Hon Peter Dunne
Minister of Revenue
Monday, 14 January 2013 Media Statement
Proposals to limit excessive non-resident tax deductions
Proposals in an Inland Revenue officials’ issues paper released today would bolster the taxation of highly leveraged
investments made by foreigners, through changes to the thin capitalisation rules, Revenue Minister Peter Dunne said.
“I referred in December to upcoming proposals for strengthening New Zealand’s tax laws and I am pleased to see these now
released,” he said.
The thin capitalisation rules are intended to prevent non-residents from using excessive interest costs to reduce their
tax liabilities, but have not been effective in all cases.
The issues paper proposes a number of measures to beef up the rules.
The first of the two major proposals is to extend the rules to non-residents who act together to operate businesses in
New Zealand; the rules currently apply only if a single non-resident controls the business.

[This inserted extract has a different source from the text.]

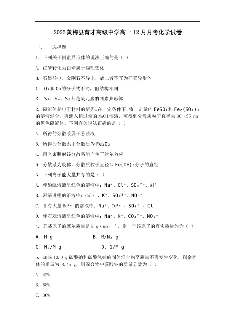 高一化学--湖北省黄冈市黄梅县育才高级中学2025-2026学年高一上学期12月月考

The second proposal is to disregard some shareholder debt when calculating the global indebtedness of the foreign
investor. At the moment this debt can be included and used to justify a high level of indebtedness in New Zealand which
can then be used to offset tax liability.
Mr Dunne said the two proposals would modernise the rules to reflect changes in global investment structures.
“In particular, they recognise the growing role of private equity investors, who often have high interest costs but are
not subject to the thin capitalisation rules in their current form,” he said.
“New Zealand has overhauled its international tax system since 2007 by removing barriers to overseas investment by New
Zealanders.
“The issues paper shifts the focus to investment in New Zealand by non-residents, and proposes changes to limit
excessive tax deductions for interest costs. I think that would be a fairer outcome” he said.
The proposed changes are expected to leave most foreign investors unaffected as they are already subject to the thin
capitalisation rules and have relatively low levels of debt.
They have also been designed to limit any effects on investors who use third-party debt, such as debt from an unrelated
bank.
“The tax laws relating to foreign investment are a delicate balancing act. We want to ensure that a fair amount of tax
is paid, but do not want to discourage investment,” Mr Dunne said.
“On the other hand, the proposals in this paper represent one step more towards ensuring that non-resident investors pay
their fair share of tax,” he said.
Submissions on the issues paper, which can be found at www.taxpolicy.ird.govt.nz, close on 15 February, 2013.